Filozof z Uniwersytetu Śląskiego przypomniał, że „pewne środowiska na Zachodzie” mówiły o powierzaniu kobietom roli diakonów i księży. Jednak „nie są to głosy, które znajdowałyby poparcie w Kościele jako całości” – tłumaczył prof. Bańka. Jak dodał Aleksander Bańka, papież wyjaśnił, że święcenia kobiet „to nie ten kierunek”.
Jednocześnie podczas obrad Synodu wiele mówiono o roli kobiet w Kościele. W obradach brało udział wiele przedstawicielek płci pięknej” ponad 50 świeckich oraz siostry zakonne.

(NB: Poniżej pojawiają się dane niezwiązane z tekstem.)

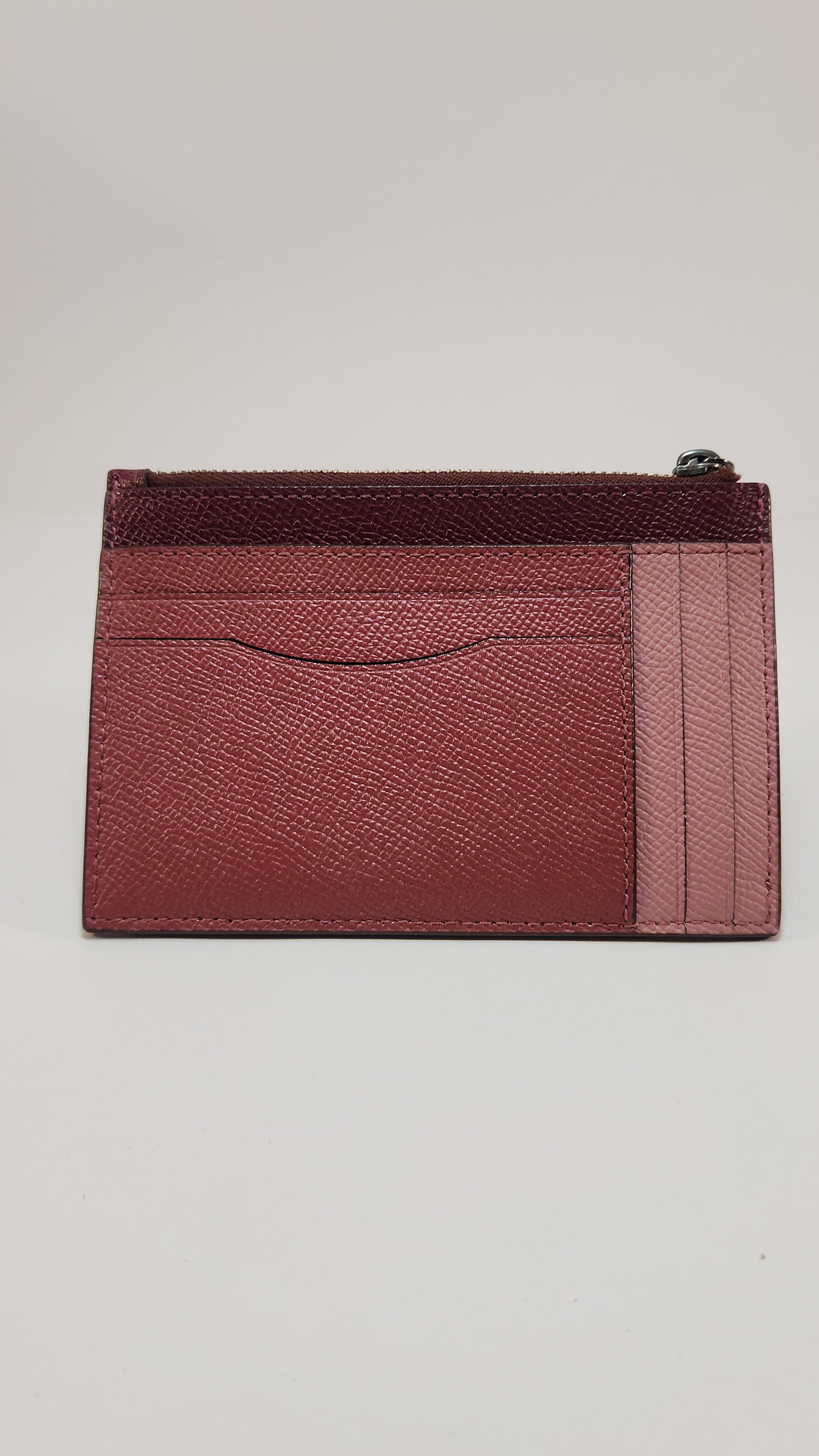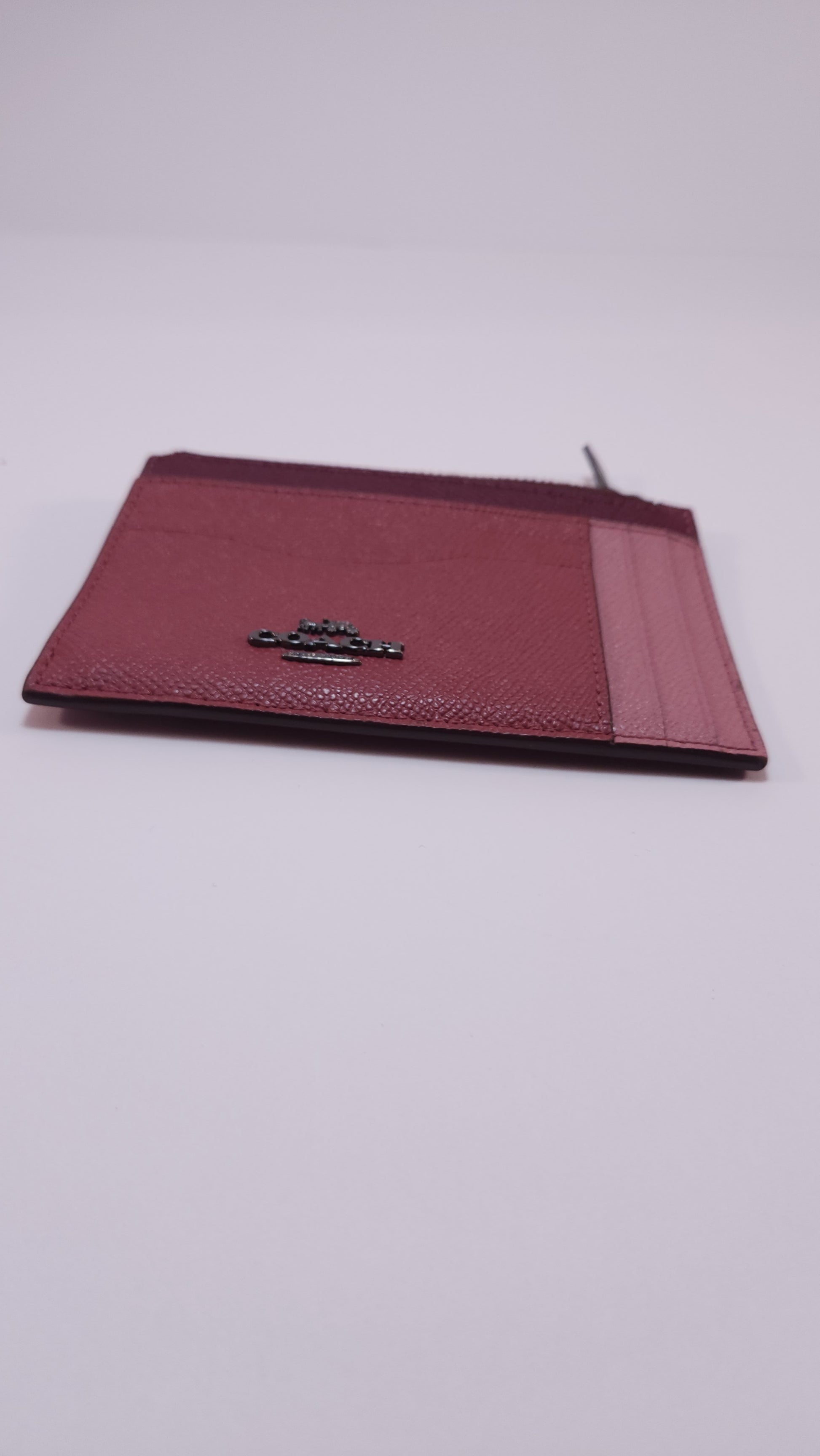 📏 Modelo: Coach Women's Burgundy Leather Zip Card Case Wallet
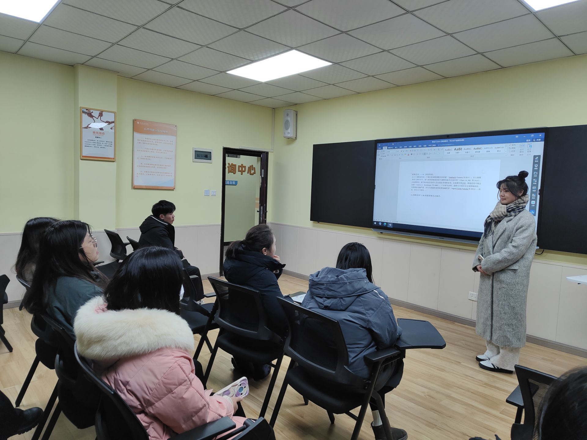 黄小兰同学就考公考研不给专硕学生机会,考研推免名额增多,出国留学旅客能增加等问题做出了讨论,并作出自我分析和理解,其余学生助理也对其进行提问、回答、讨论。夏冬梅老师就这个点也提出了“竞争压力大,就业难度大,可以从扩招方面入手”等观点。
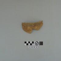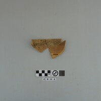 - recomposed: nearly a quarter rim with roots of horizontal handle. Soft orange clay dipped in dull red-brown glaze. Handle rose at a very low angle. D.c. 0.015 m.
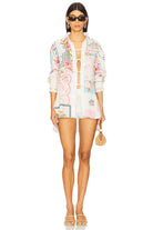 This oversized shirt showcases tie-bow front closures and a delicate patchwork-inspired floral print, adding a handcrafted charm to its relaxed design. With a longline silhouette, curved hem, and long sleeves, it’s perfect for layering or wearing on its own. A versatile piece that celebrates the beauty of intricate artistry while offering comfort and style.
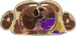 ![]() Cross section #1428 of the Visible Human Male showing the structures of the triangle of auscultation | |
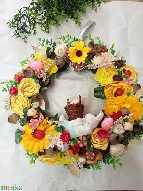 - Anyaga: vesszőalap, virág, buxus, sziv, katicabogár, nyuszika, kosár
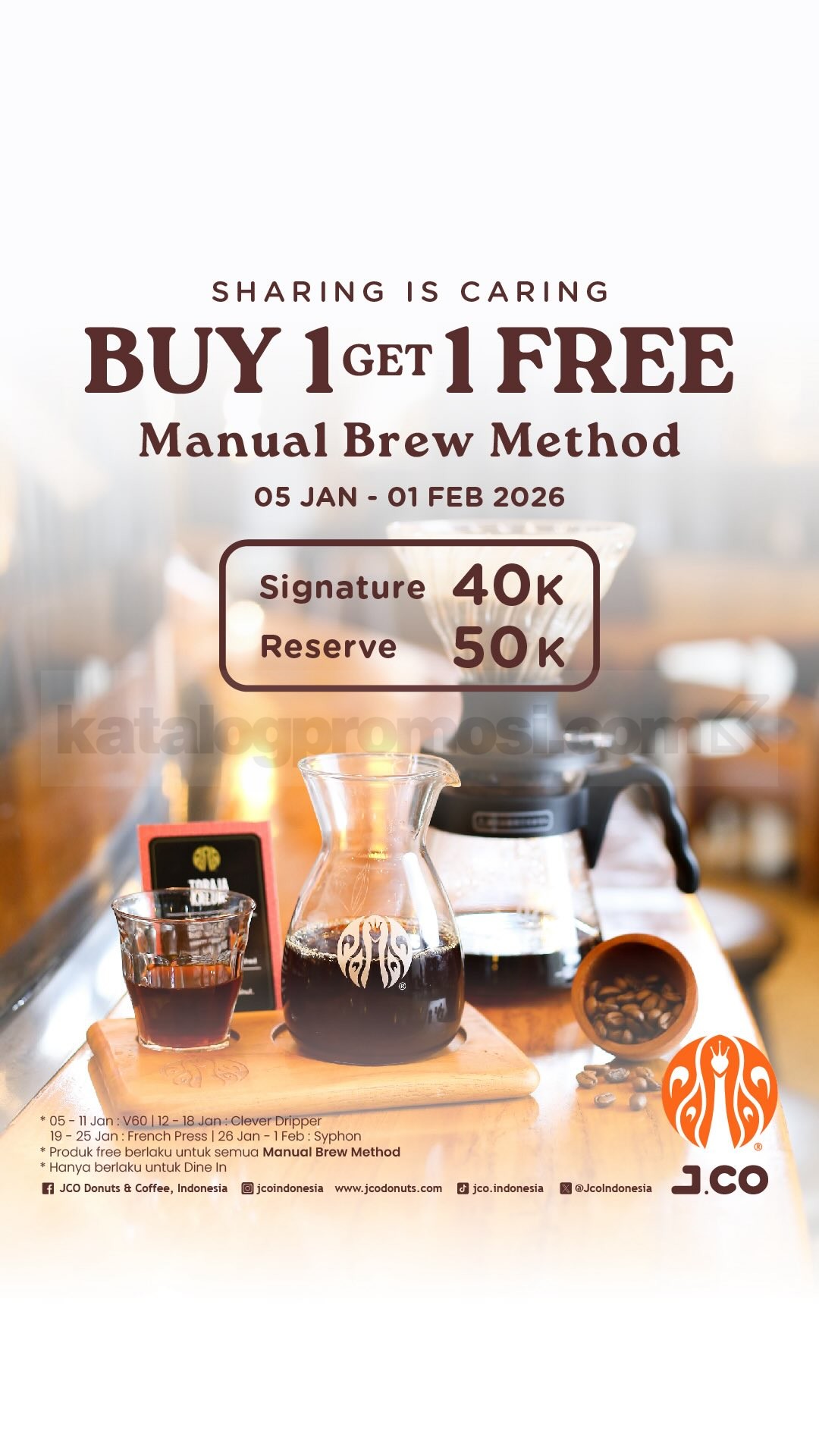 Promo J.CO Buy 1 Get 1 Coffee Manual Brew beli satu coffee manual brew dan dapatkan satu cup tambahan tanpa biaya. Berlaku dine in di outlet J.CO selama periode Januari hingga awal Februari 2026.
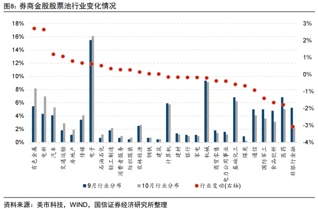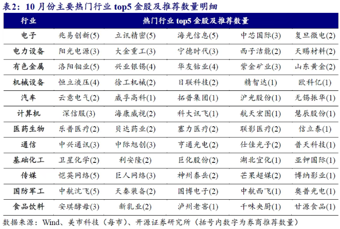 “十一”假期后的首个交易日,A股迎来“开门红”。各大券商在10月更加青睐哪些板块和标的呢? 整体来看,行业方面,10月金股中电子仍是权重占比最高的行业。而从相对变化看,有色金属是10月金股中增配最多的行业。非银金融则在券商10月金股中权重下降最大。 具体到个股方面,开源证券研报数据显示,根据全市场41家券商发布的金股去重统计后,中航沈飞(600760)、立讯精密(002475)、兆易创新(603986)、洛阳钼业(603993)、海光信息(688041)、恺英网络(002517)等6只股票的热度最高,合计被各家券商10月金股推荐的次数最多。
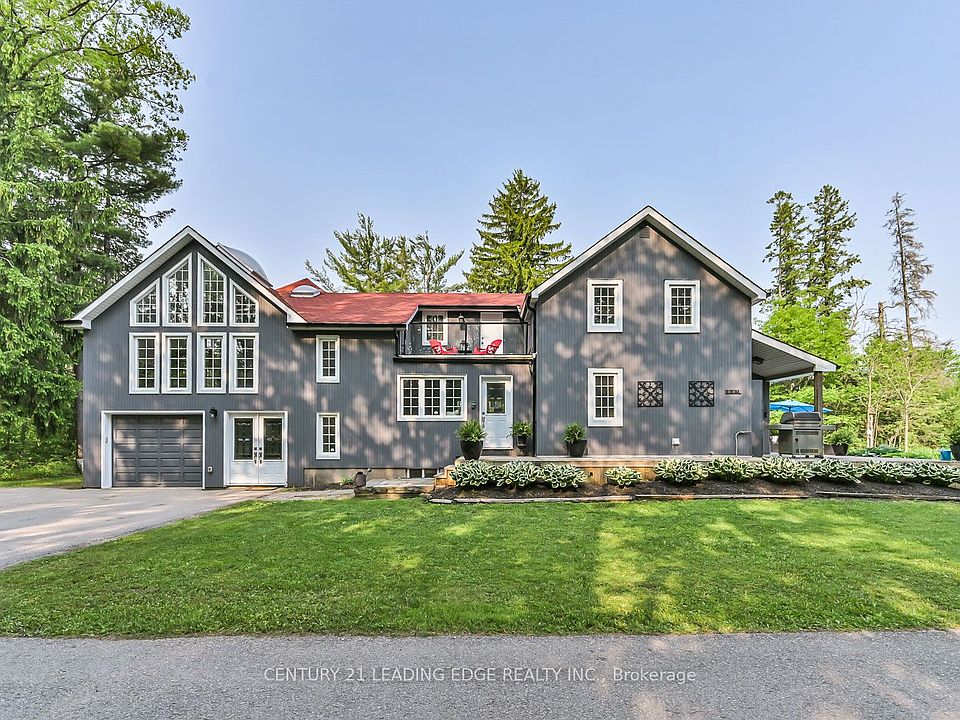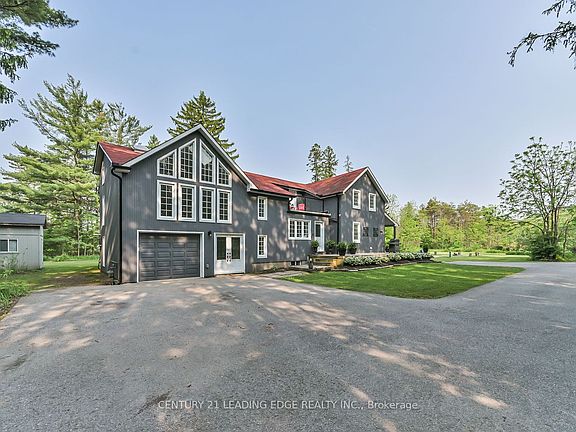 Nestled on 8.33 acres of pristine, unspoiled land, this exceptional one of a kind property offers the tranquility of Muskoka with the convenience of suburban living. Lovingly restored in 2014, the home blends timeless modern finishes with a layout ideal for growing or multi-generational families. Every detail of the exterior was updated during the restoration including the roof, soffits, eaves, windows, and exterior doors. The expansive grounds include a 10' x 10' storage shed, a separate 20' x 30' heated workshop, and a charming chicken coop for those with a passion for hobby farming. A 1000 sq ft. detached guest house which is just a short stroll from the main home features a sitting area with kitchenette, bathroom and a 2nd floor loft, a cozy and private space for visitors. Inside, the main home features a unique and versatile layout with dual staircases and distinct wings that flow seamlessly together. The main floor of this 3800 sq ft home boasts an open-concept chef-inspired kitchen overlooking the living and dining areas. Adding more convenience to this space is a powder room and laundry room with additional storage. The upper level offers a stunning great room and dining area with soaring cathedral ceilings and architecturally inspired windows that flood the space with natural light. The luxurious primary suite is a true retreat, featuring a spa-inspired ensuite and walk-out to a glass-enclosed balcony. With a total of 5 bedrooms & 5 bathrooms this property provides plenty of room for the whole family. Enjoy chilly evenings in the enclosed sunroom or take in panoramic views from the multi-level deck overlooking the rolling greenery and serene surroundings. Whether you're entertaining, gardening, or simply unwinding, this property offers the perfect backdrop.
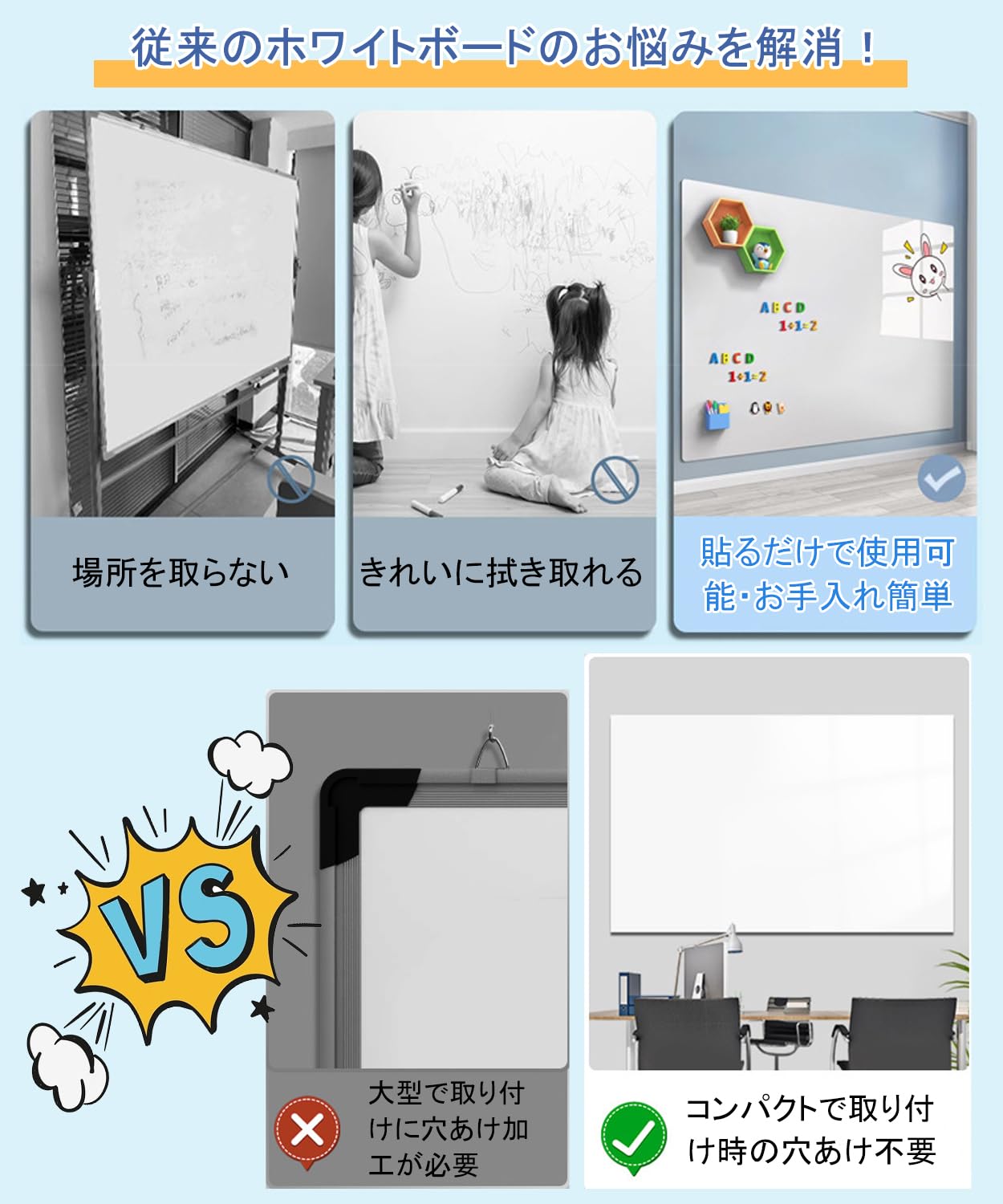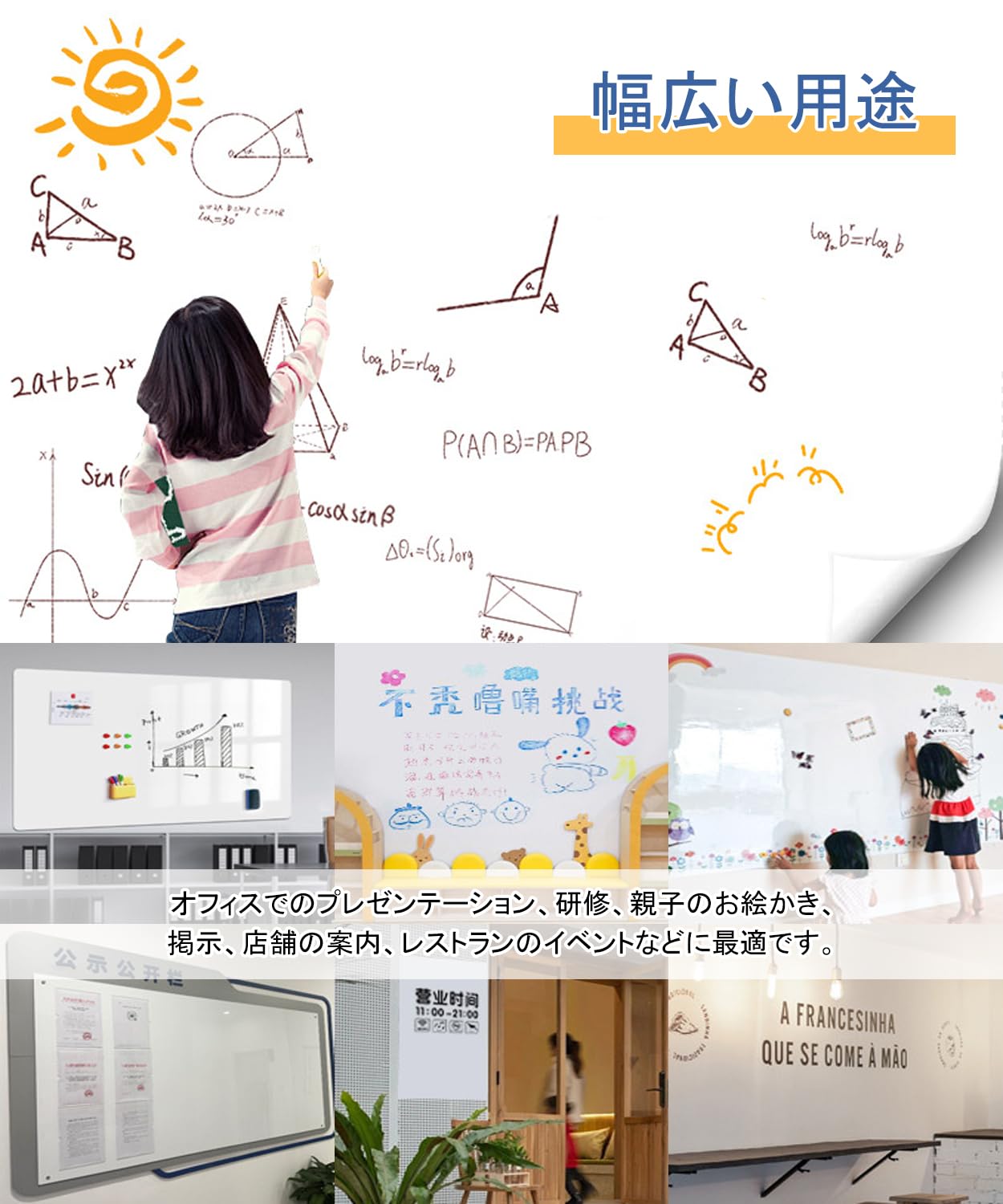 Happyee ホワイトボート シート ホワイトボード ホワイトシート 粘着式 マグネット対応 壁に貼り付け はがせる 自由に裁断 予定表 こども落書き 掲示板 メモー用に対応

Z obrad Synodu i jego dokumentu końcowego (nie został jeszcze przetłumaczony na język polski) wynika, że świeccy powinni brać większą odpowiedzialność za funkcjonowanie Kościoła. Zdaniem Aleksandra Bańki brak ich odpowiedzialności sprawia, że np. wspólnoty niekiedy rozpadają się po przeniesieniu księdza, który je wcześniej prowadził.
Bp Jacek Grzybowski, który także brał udział w pracach synodalnych stwierdził, że w diecezji warszawsko-praskiej, gdzie posługuje, stworzono statut duszpasterskich oraz ekonomicznych rad parafialnych i każda z parafii powinna mieć taką radę.
Kolejny z uczestników watykańskich obrad, metropolita warmiński abp Józef Górzyński także odniósł się do roli świeckich. Jak powiedział, posługi lektora i akolity są w praktyce „przypisane niemal wyłącznie do liturgii, a to zadania wychodzące szerzej, to kreuje wspólnotę”.
Biskup z Warmii dodał, że wierni angażujący się w życie Kościoła potrzebują głębszej formacji duchowej.